I don’t see swap being used.
Before I had all containers sharing a disk, when this issue would occur the whole server became unavailable.
I migrated after 10 years away from OpenVZ to LXD, never seen containers in OpenVZ be so self destructive. (no pun intended)

If it is like you say, by design. What can I do to either have OOM be more aggressive or improve the behavior/impact in general.
Sure I could remove all memory limits on my containers, but I think I’m then just covering up the issue.

Regards, Justin

stgraber · June 23, 2022, 4:36pm

The OOM killer will only kick in if flushing all caches/buffers doesn’t yield enough memory to serve the allocation.

You may want to strace the different processes to see if something odd is going on.

Another interesting user of memory which isn’t super visible is tmpfs, so you may want to check that you don’t have a near-full tmpfs in that instance too.

jalbstmeijer · June 26, 2022, 10:36am

@stgraber again thank you for your response, very much appreciated.

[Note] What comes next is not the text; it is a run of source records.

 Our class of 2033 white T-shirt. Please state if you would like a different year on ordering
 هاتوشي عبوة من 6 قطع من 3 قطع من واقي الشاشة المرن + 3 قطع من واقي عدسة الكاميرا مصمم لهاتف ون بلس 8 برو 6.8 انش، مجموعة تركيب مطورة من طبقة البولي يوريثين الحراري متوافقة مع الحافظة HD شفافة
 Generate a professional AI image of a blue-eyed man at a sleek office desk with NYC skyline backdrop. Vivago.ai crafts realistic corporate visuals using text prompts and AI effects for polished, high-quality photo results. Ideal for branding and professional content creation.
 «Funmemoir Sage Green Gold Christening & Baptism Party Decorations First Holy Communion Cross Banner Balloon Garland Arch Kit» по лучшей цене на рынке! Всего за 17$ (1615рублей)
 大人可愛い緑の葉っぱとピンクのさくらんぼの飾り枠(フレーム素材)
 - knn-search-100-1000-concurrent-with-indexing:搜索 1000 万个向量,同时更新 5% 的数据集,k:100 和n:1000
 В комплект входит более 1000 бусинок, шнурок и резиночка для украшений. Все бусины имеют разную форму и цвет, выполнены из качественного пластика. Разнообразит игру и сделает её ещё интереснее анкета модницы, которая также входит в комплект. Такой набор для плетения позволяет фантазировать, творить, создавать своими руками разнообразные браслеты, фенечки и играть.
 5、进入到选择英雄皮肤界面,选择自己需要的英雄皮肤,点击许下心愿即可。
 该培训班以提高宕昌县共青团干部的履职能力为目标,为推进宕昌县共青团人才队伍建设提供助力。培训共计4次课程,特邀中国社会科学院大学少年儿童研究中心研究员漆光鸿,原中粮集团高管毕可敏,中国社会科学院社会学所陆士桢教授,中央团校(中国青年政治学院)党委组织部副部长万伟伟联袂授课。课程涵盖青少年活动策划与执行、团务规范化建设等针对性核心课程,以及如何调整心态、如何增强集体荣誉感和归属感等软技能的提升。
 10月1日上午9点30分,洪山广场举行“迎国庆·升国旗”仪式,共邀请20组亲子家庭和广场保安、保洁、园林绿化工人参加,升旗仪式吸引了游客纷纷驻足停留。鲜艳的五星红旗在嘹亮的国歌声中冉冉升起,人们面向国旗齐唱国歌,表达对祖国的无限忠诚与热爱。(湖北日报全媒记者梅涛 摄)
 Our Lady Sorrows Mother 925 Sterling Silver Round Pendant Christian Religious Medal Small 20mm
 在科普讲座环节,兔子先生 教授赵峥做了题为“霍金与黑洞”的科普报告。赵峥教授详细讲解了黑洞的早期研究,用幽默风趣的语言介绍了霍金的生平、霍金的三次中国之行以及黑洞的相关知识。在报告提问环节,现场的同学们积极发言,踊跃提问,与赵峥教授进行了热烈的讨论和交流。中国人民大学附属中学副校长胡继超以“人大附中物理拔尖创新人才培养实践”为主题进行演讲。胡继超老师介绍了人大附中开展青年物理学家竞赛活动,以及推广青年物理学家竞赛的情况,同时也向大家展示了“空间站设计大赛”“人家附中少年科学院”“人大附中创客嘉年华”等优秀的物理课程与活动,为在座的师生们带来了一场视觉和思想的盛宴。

tmpfs in the container does not look as a possible source of issues;

root@burst1:~# df -h |grep tmpfs
tmpfs 100K 0 100K 0% /dev/lxd
tmpfs 100K 0 100K 0% /dev/.lxd-mounts
tmpfs 1.9G 0 1.9G 0% /dev/shm
tmpfs 774M 156K 773M 1% /run
tmpfs 5.0M 0 5.0M 0% /run/lock

I tried two things now.

try to catch a strace

iotop output:

TID  PRIO  USER     DISK READ  DISK WRITE  SWAPIN     IO>    COMMAND

21902 be/4 1000000 25.25 M/s 0.00 B/s ?unavailable? init
21980 be/4 1000000 25.67 M/s 0.00 B/s ?unavailable? systemd-journald
22049 be/4 1000102 26.84 M/s 0.00 B/s ?unavailable? @dbus-daemon --system --address=systemd: --nofork --nopidfile --systemd-activation --syslog-only
22057 be/4 1000106 23.30 M/s 0.00 B/s ?unavailable? clamd --foreground=true
22070 be/4 1000000 26.57 M/s 0.00 B/s ?unavailable? polkitd --no-debug [gdbus]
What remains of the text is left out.